An inventive species
This does not mean that time does not exist or that anything goes. Almost three hundred years ago, the philosopher David Hume suggested that much of life is artificial but not arbitrary. As Hume said, “Mankind is an inventive species.”
We invented marriage, money, months, meters, and minutes. How long is a minute or a month or a meter? Those measuring tools are defined by us. They are the result of human artifice, governed by rules we created. Once they exist, the rules are not arbitrary. These rules regulate our shared experience. But they are not woven into nature.
Nature presents us with a reality that is neither artificial nor arbitrary. The sun rises and falls according to celestial patterns we do not control. The time it takes to bake cookies is governed by the chemistry of sugar and fat. And light travels at a constant rate. The facts of nature are real and unalterable.
But we can play within the givenness of time. We can choose to get up in the dark and see the sun rise. Or we can sleep the day away and come to life as the stars appear. We are inventive animals who have an amazing capacity to play, innovate, and create.

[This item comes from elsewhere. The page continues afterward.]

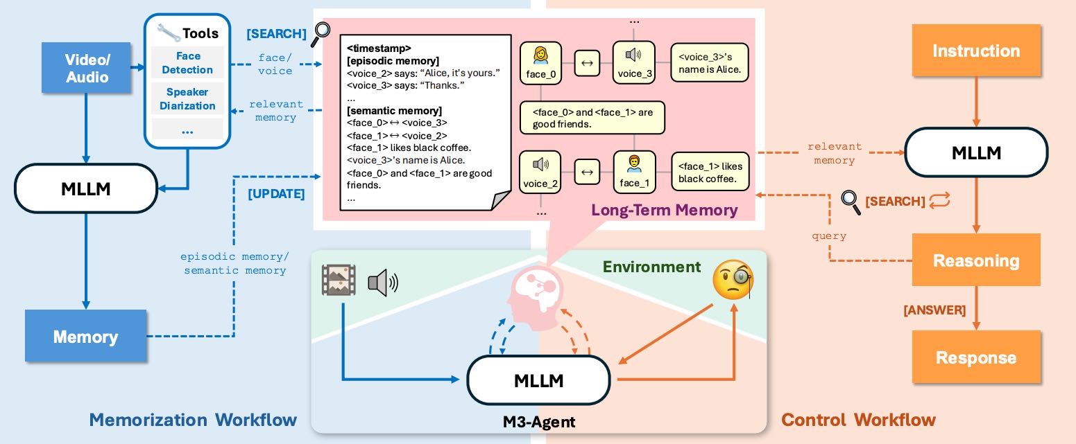 本文提出了一种新颖的多模态智能体框架 M3-Agent,具备长期记忆能力。M3-Agent 能够像人类一样处理实时视觉和听觉输入,并据此构建和更新长期记忆。除了情景记忆(episodic memory),它还具备语义记忆(semantic memory),能够随时间积累世界知识。其记忆以以实体为中心、多模态格式组织,有助于对环境进行更深入、一致的理解。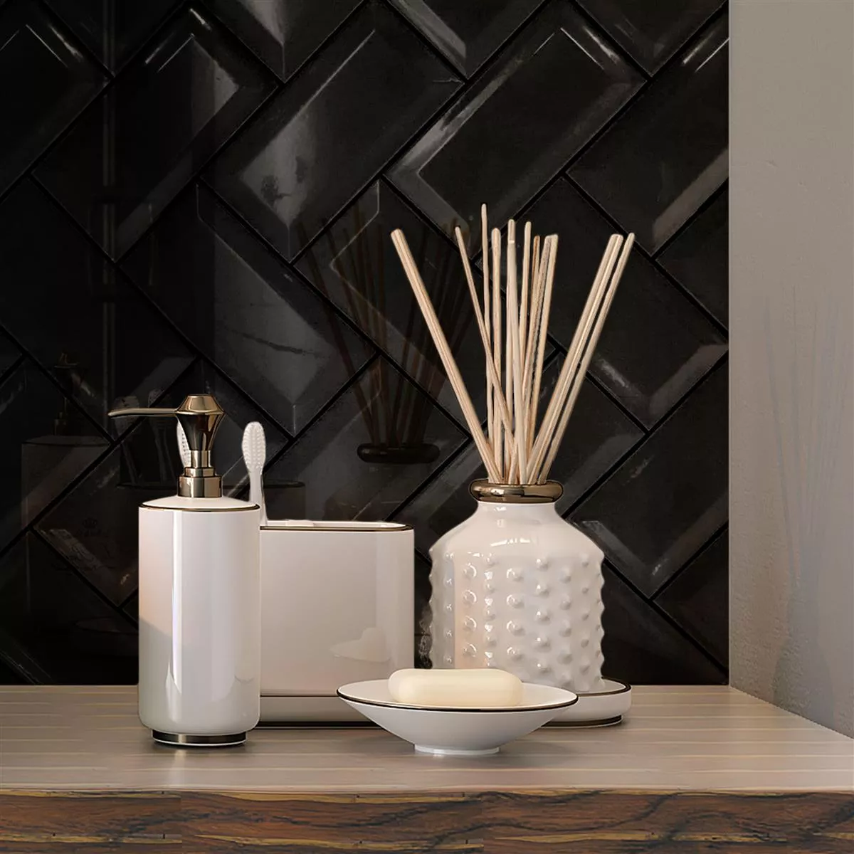 Il rivestimento Metro "Heliopolis Facette Black" porta nella vostra casa il fascino dell'eleganza classica. La confezione da 1 m² contiene 88 piastrelle in gres smaltato non rettificato di formato rettangolare (7,5x15 cm), che colpiscono per la superficie lucida e lo spessore di 10 mm.

If we can make daylight savings time permanent, maybe we could also change the work week. Why not four days on and three days off? And what is so special about the 8-hour workday? We could change that as well. And who says we need 12 oddly numbered months and 52 weeks of seven days? We could reconstruct the year with 36 weeks of 10 days each, plus a holiday of 5 days at the end of the year. If we are reconstructing things, let’s get imaginative.
Mortality and hope
Our inventiveness does not mean we can ignore the temporal processes of the physical universe. Our lives are subject to movements that are beyond our control. In the end, time is our master. Most importantly, our bodies age. We will witness a finite number of sunsets and solstices. And then we die.
Considerations of mortality divide religious and nonreligious people. Some religions hope for eternal life. This is another human invention, an imagined time beyond time. Atheists, of course, have a difficult time making sense of that idea.
Life seems to imply time. Outside of time—in eternity—what would there be? There would be no change or movement. But change and movement are essential to life, thought, and play. Eternal life is mysterious and paradoxical. It frankly seems kind of boring. In eternity would there be music, art, and creative play? Those human goods only seem to make sense in a world of time.
Of course, theists often claim that without hope for eternity, life is meaningless. But the opposite may be true. When we realize that we are free to play within the givenness of nature, a different source of meaning arrives. We make meaning within the limits of time and mortality.
Once we see that much of life is socially constructed, we can reconstruct it in ways that are empowering and enlightening. We can make daylight savings time permanent. We can also turn time into music, or into money. The choice is ours. As we reset our clocks, we can also reset our lives.